A basis for a finite topology. I am preparing for my first course in Topology.  I read a lot of confusing articles about the correspondence between the number of topologies on a finite set X and the number of preorders on X.  A preorder on a set X is a binary relation on X that is reflexive and transitive.  I would like to know if the following statement is true.:
A basis for a topology on a finite set X is the collection of sets: 
{ {y|y is in every open set containing x}|x in X }.  In other words, given a finite topology we can form a basis by finding the intersection of all open sets containing x for each x in X.  We may need to delete some duplicate sets.  Then the statement would imply that an upperbound for the minimum number of basis elements is the cardinality of X. 

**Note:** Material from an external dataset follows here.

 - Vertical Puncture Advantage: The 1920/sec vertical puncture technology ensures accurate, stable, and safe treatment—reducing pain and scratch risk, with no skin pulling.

 A: Yes, you are correct. The weight of a topology is the smallest cardinality for a basis.
Your argument proves that the weight of a topology on a finite set $X$ is always less than or equal to $|X|$.

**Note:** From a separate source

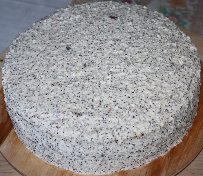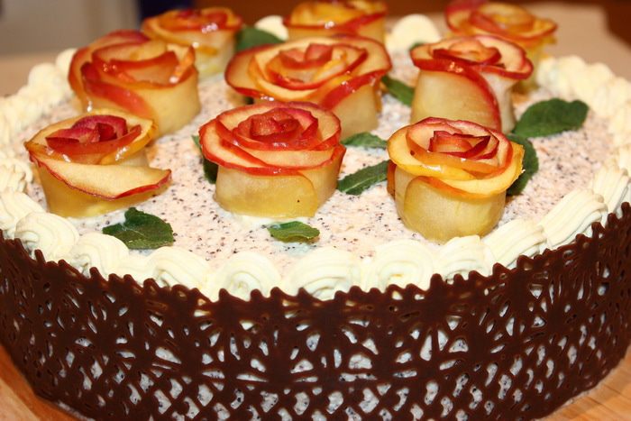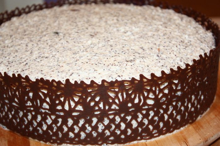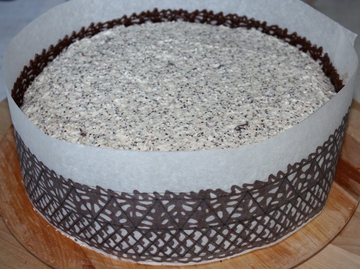 Бисквит. Белки взбиваем пышную пену до мягких пиков, чтобы кончик взбитых белков немного загибался. Такое состояния взбитого белка еще называют «птичий клюв». Желтки взбиваем с сахаром, пока они не побелеют и сахар полностью не раствориться. Затем извлекаем семена ванили из стручка и добавляем к желткам. Муку просеиваем, добавляем к желткам и взбиваем. Белки осторожно соединяем с желтками при помощи лопатки. Делим тесто на три части, или выпекаем одним коржом (потом разрезать на коржи) и выпекаем бисквиты при t=160°C 30-40 минут, в зависимости от вашей духовки, диаметр формы = 24 см. Степень готовности проверяем при помощи деревянной шпажки. Прокалываем корж до самого дна шпажкой. Если она сухая – бисквит готов. Остужаем и разрезаем на три коржа.

I don't see the relevance of your first paragraph though.
A: Yes, define $O_x = \cap \{O \in \mathcal{T}: x \in O \}$ for every $x \in X$ which is well-defined for any finite topology (in particular if $X$ is finite). This is the minimal base for the topology $\mathcal{T}$, for obvious reasons (any base must contain all $O_x$, and these sets certainly form a base almost by definition. This indeed shows that $w(X) \le \left|X\right|$. 
As to the relation with the pre-order statement: if we have a topology then $x \le y$ iff $x \in \overline{\{y\}}$ is a pre-order, as clearly $x \in \{x\} \subseteq \overline{\{x\}}$ so that $x \le x$ and if $x \le y$ and $y \le z$ we have $\{y\} \subseteq \overline{\{z\}} (\text{from } y \le z)$, so $\overline{\{y\}} \subseteq \overline{\overline{\{z\}}}= \overline{\{z\}}$, and as $x \in \overline{\{y\}}$ we have $x \in \overline{\{z\}}$ and so $x \le z$, giving transitivity. Now by definition $x \in \overline{\{y\}}$ iff $x$ is in all open sets that contain $y$, so $x \le y$ iff $x \in O_y$, by definition of $O_y$, and then we also have $O_x \subseteq O_y$, as $O_y$ is then one of the open sets that contains $x$ and $O_x$ is the minimal such set. So this pre-order is also reflected in this minimal base, by inclusion.